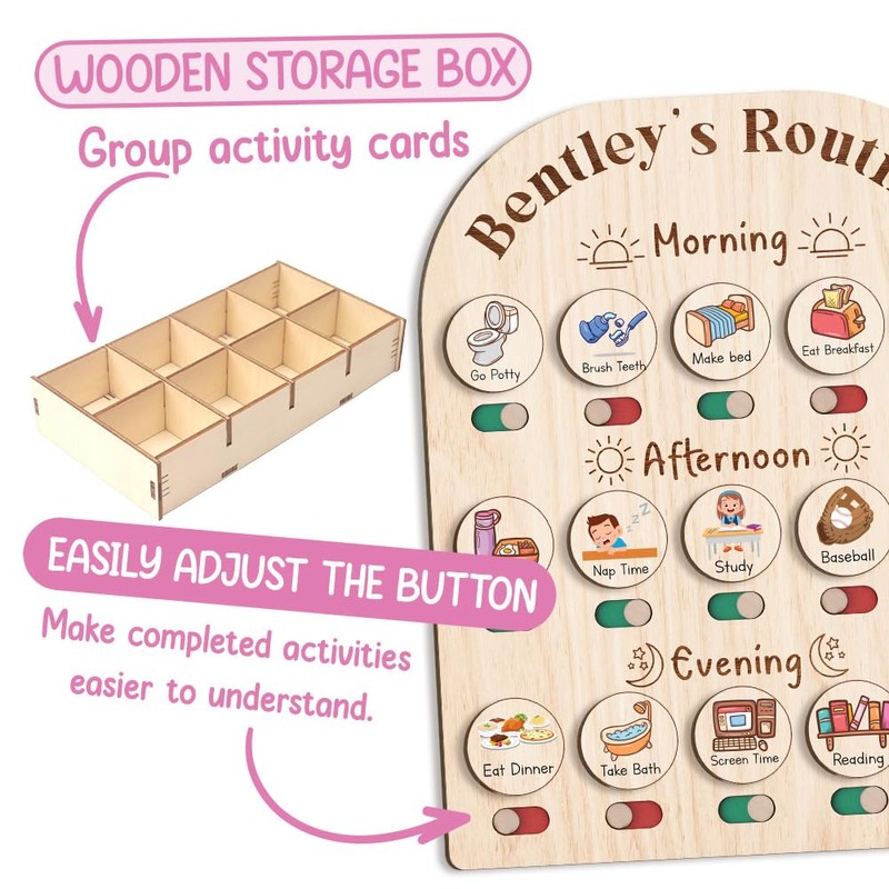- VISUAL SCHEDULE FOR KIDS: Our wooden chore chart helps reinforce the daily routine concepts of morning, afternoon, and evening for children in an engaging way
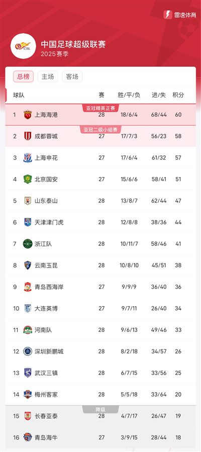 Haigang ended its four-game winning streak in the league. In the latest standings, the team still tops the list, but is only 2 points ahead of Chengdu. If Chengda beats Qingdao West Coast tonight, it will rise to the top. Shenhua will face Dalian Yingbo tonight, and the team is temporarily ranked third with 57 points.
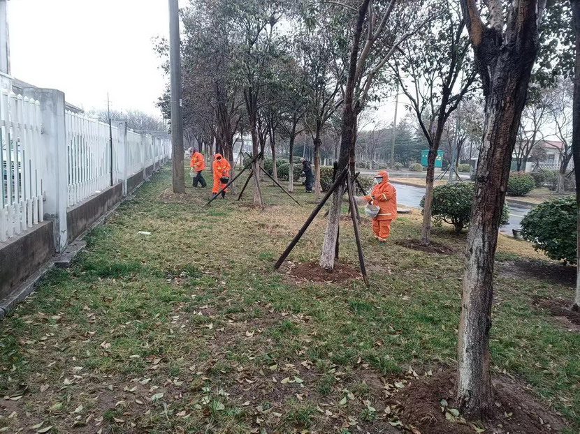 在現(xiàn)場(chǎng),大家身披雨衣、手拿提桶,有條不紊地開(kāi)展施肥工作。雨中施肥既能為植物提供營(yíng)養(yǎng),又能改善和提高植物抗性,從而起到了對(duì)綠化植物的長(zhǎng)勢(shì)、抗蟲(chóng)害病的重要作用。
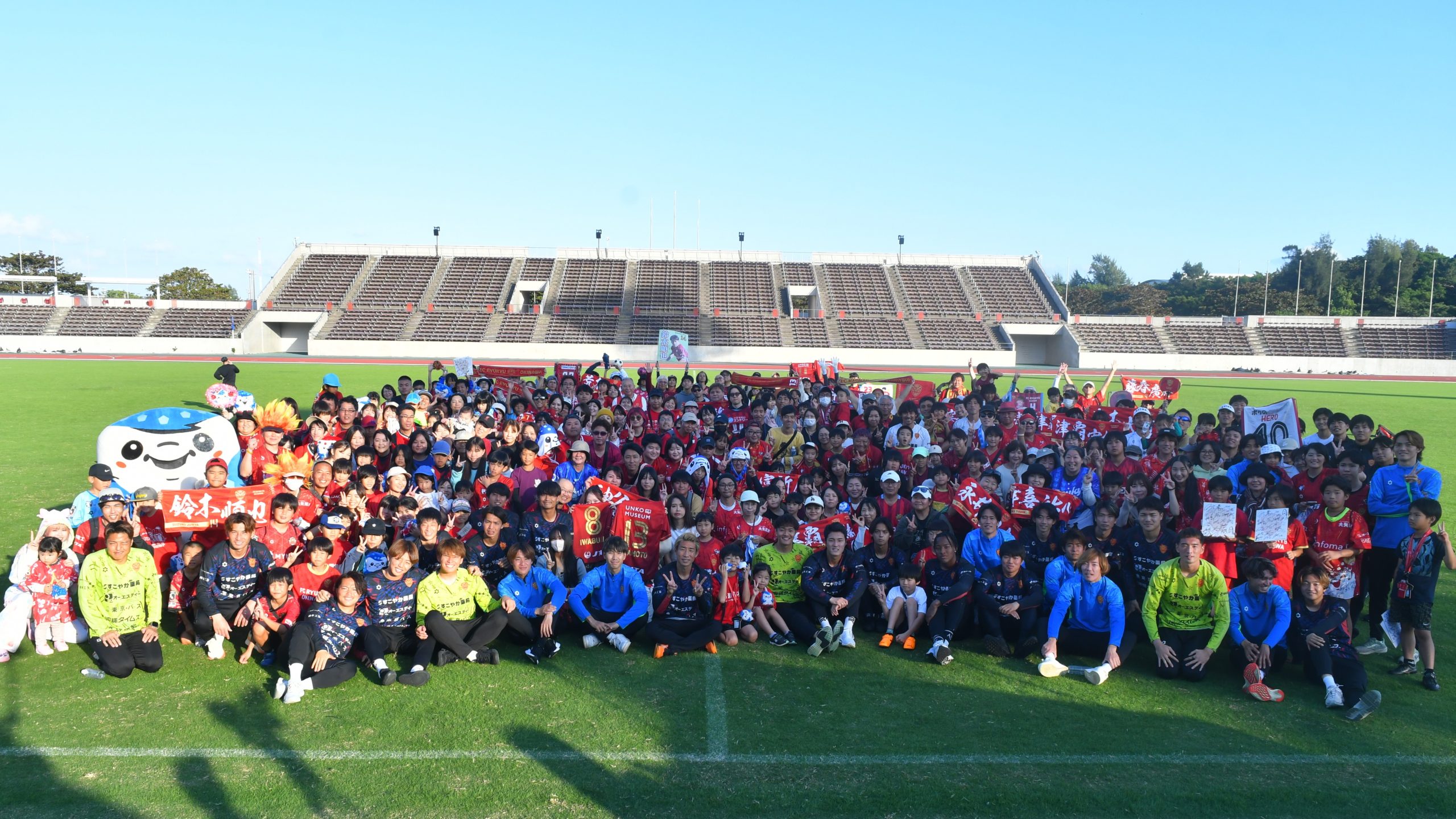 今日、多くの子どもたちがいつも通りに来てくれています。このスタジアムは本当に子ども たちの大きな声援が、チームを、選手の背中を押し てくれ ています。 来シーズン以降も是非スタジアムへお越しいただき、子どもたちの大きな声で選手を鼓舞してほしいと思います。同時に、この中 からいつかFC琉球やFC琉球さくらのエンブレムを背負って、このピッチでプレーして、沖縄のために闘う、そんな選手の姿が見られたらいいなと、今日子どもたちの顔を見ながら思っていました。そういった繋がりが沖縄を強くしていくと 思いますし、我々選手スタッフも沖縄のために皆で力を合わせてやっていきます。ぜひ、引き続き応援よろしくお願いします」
§
- Task instructions
Each line, from the beginning of the listing to the line bearing "在現(xiàn)場(chǎn" inclusive, should be copied exactly; the pictures stay out.

- Answer below
- VISUAL SCHEDULE FOR KIDS: Our wooden chore chart helps reinforce the daily routine concepts of morning, afternoon, and evening for children in an engaging way
 Haigang ended its four-game winning streak in the league. In the latest standings, the team still tops the list, but is only 2 points ahead of Chengdu. If Chengda beats Qingdao West Coast tonight, it will rise to the top. Shenhua will face Dalian Yingbo tonight, and the team is temporarily ranked third with 57 points.
 在現(xiàn)場(chǎng),大家身披雨衣、手拿提桶,有條不紊地開(kāi)展施肥工作。雨中施肥既能為植物提供營(yíng)養(yǎng),又能改善和提高植物抗性,從而起到了對(duì)綠化植物的長(zhǎng)勢(shì)、抗蟲(chóng)害病的重要作用。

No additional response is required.